VCF Readcount Annotator¶
The VCF Readcount Annotator will take an output file from bam-readcount and add its data to your VCF. It supports both DNA and RNA readcounts.
DNA readcounts are identified by specifying DNA
in the list of
positional arguments. Depth, allele counts, and VAFs are then written to the
DP, AD, and AF fields, respectively. Forward and reverse strand allele counts
are written in the ADF and ADR fields, respectively.
RNA readcounts are identified by specifying RNA
in the list of positional
arguments. Depth, allele counts, and VAFs are then written tot he RDP, RAD,
and RAF fields, respectively. Forward and reverse strand allele counts
are written in the RADF and RADR fields, respectively.

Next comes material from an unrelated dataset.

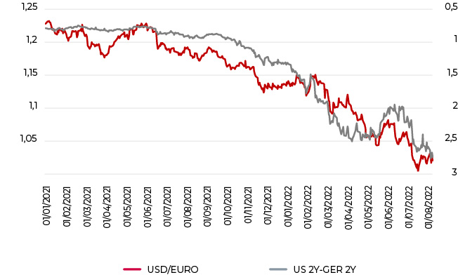 In Europa, waar de inflatie eveneens piekt, is de Europese Centrale Bank (ECB) veel voorzichtiger. Na jaren van status-quo is het proces van renteverhogingen pas gestart op 21 juli. De tragere en voorzichtigere aanpak van de ECB leidde tot een toenemend verschil tussen de Amerikaanse en de Duitse tweejaarsrente en tot een appreciatie van de dollar. Hoe groter het renteverschil, hoe gunstiger voor de USD.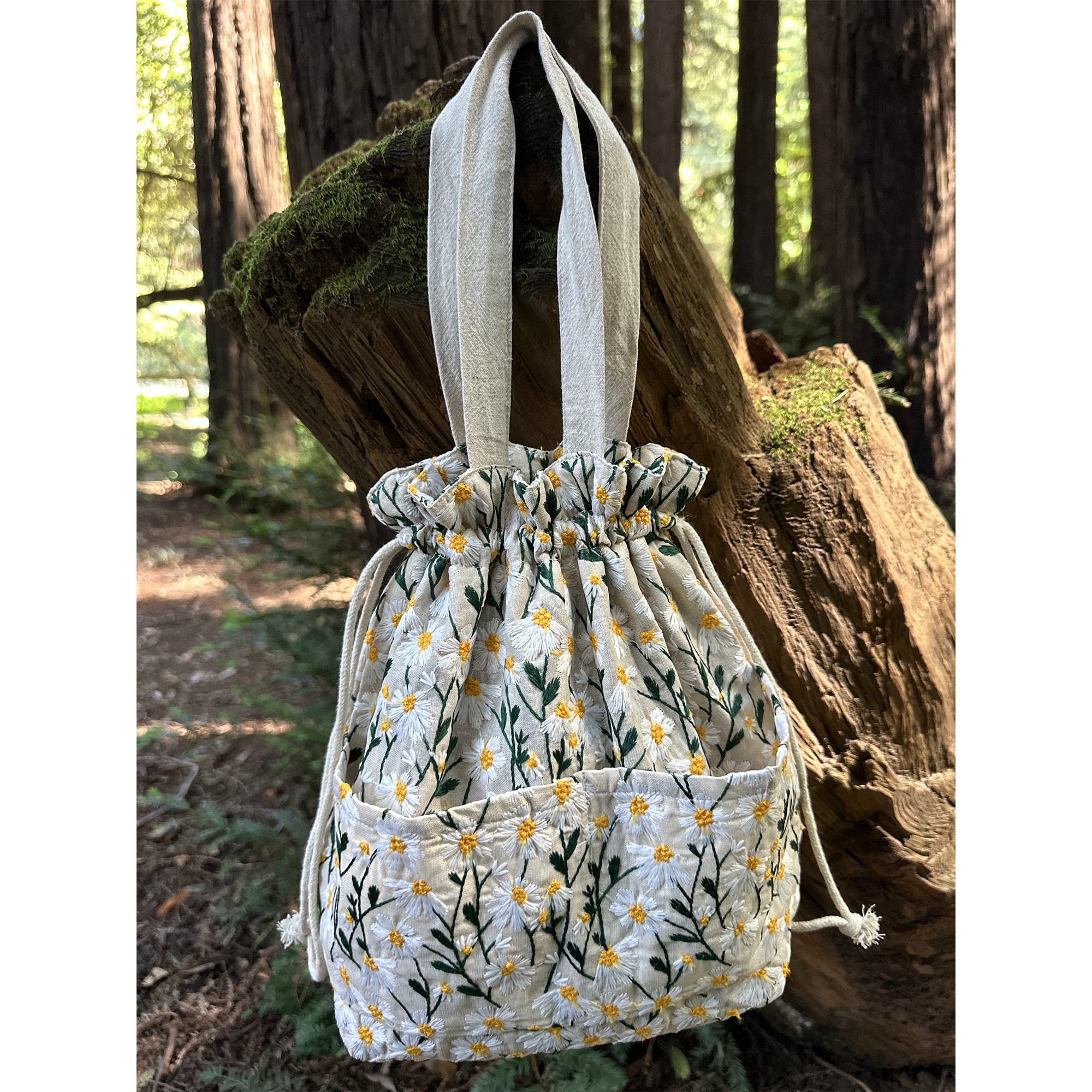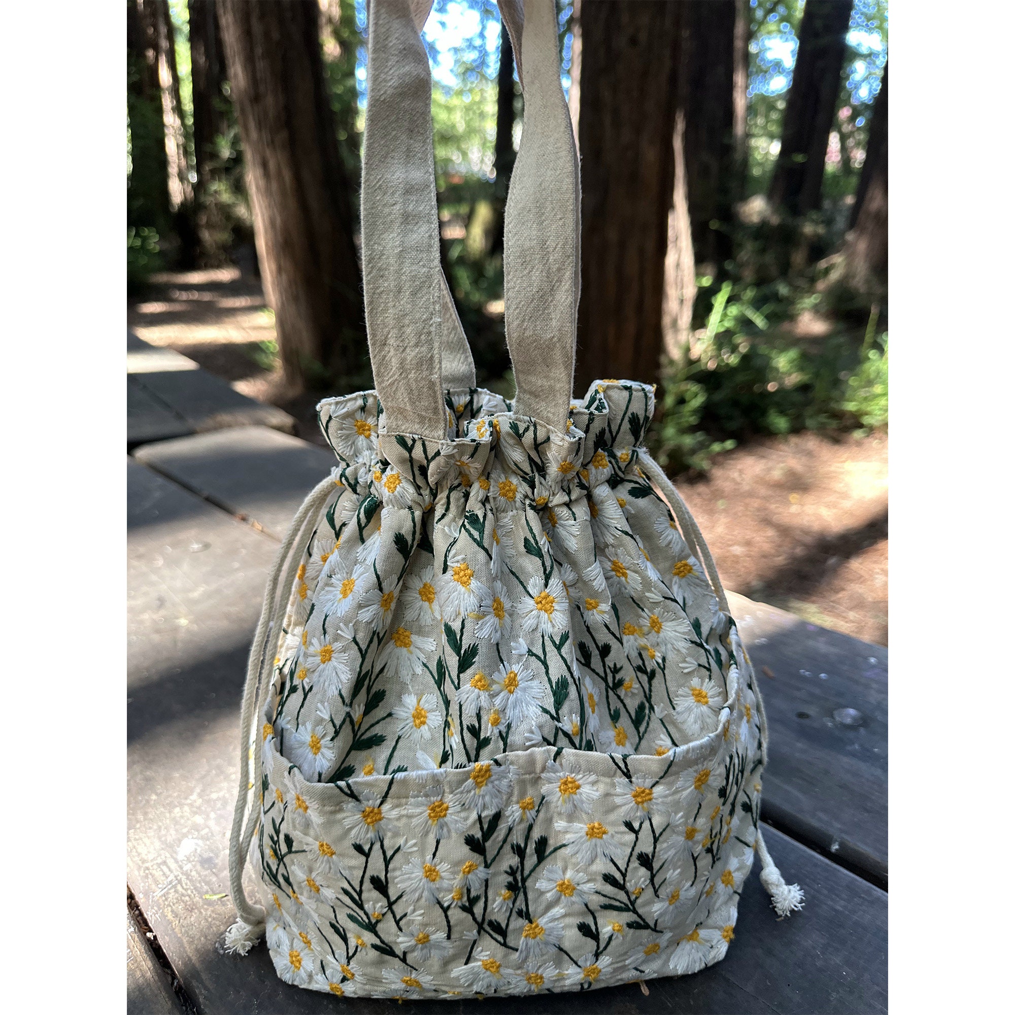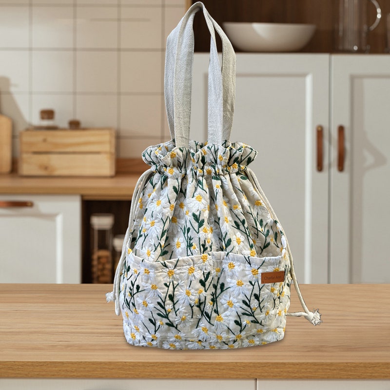 -A simple lunch bag with drawstring closure for easy carrying, or if you open the drawstring, it can be used as a full capacity handbag

If your VCF is a multi-sample VCF, you have to pick one of the sample in
your VCF by setting the --sample-name
option. This is the sample that the
readcounts will be written for.
By default the output VCF will be written to a .readcount.vcf
file next to
your input VCF file. You can set a different output file using the
--output-vcf
parameter.
Snvs and indels are usually run separately through bam-readcount because indels
require to be run in insertion-centric mode (-i
option). When using the
-vcf-readcount-annotator
, the
--variant-type
option can then be used to annotate your VCF with those two
files separately. For example, you could run the vcf-readcount
annotator
once with the --variant-type snv
option to run in snv-only mode using the snv
bam-readcount output file and then annotate the output file from that step with
indel information by using the --variant-type indel
option and the
indel bam-readcount output file. This is generally recommended because the
all
option in conjunction with a concatenated
bam-readcount output file (containing both snvs and indels) will not be able to handle
cases with a snv and indel at the same position. This situation results in
duplicated bam-readcount entries in the concatenated file, one from the snv
and one from the indel, that might contain conflicting information that can’t
be resolved by the vcf-readcount-anntator
.
Example commands for running the vcf-readcount-annotator with snvs and indels separately
vcf-readcount-annotator <input_vcf> <snv_bam_readcount_file> <DNA|RNA> \
-s <sample_name> -t snv -o <snv_annotated_vcf>
vcf-readcount-annotator <snv_annotated_vcf> <indel_bam_readcount_file> <DNA|RNA> \
-s <sample_name> -t indel -o <annotated_vcf>
Usage¶
usage: vcf-readcount-annotator [-h] [-s SAMPLE_NAME] [-o OUTPUT_VCF]
[-t {snv,indel,all}]
input_vcf bam_readcount_file {DNA,RNA}
A tool that will add the data from bam-readcount files to the VCF sample
column.
positional arguments:
input_vcf A VCF file
bam_readcount_file A bam-readcount output file
{DNA,RNA} The type of data in the bam_readcount_file. If `DNA`
is chosen, the readcounts will be written to the AD,
AF, and DP fields. If `RNA` is chosen, the readcounts
will be written to the RAD, RAF, and RDP fields.
optional arguments:
-h, --help show this help message and exit
-s SAMPLE_NAME, --sample-name SAMPLE_NAME
If the input_vcf contains multiple samples, the name
of the sample to annotate.
-o OUTPUT_VCF, --output-vcf OUTPUT_VCF
Path to write the output VCF file. If not provided,
the output VCF file will be written next to the input
VCF file with a .readcount.vcf file ending.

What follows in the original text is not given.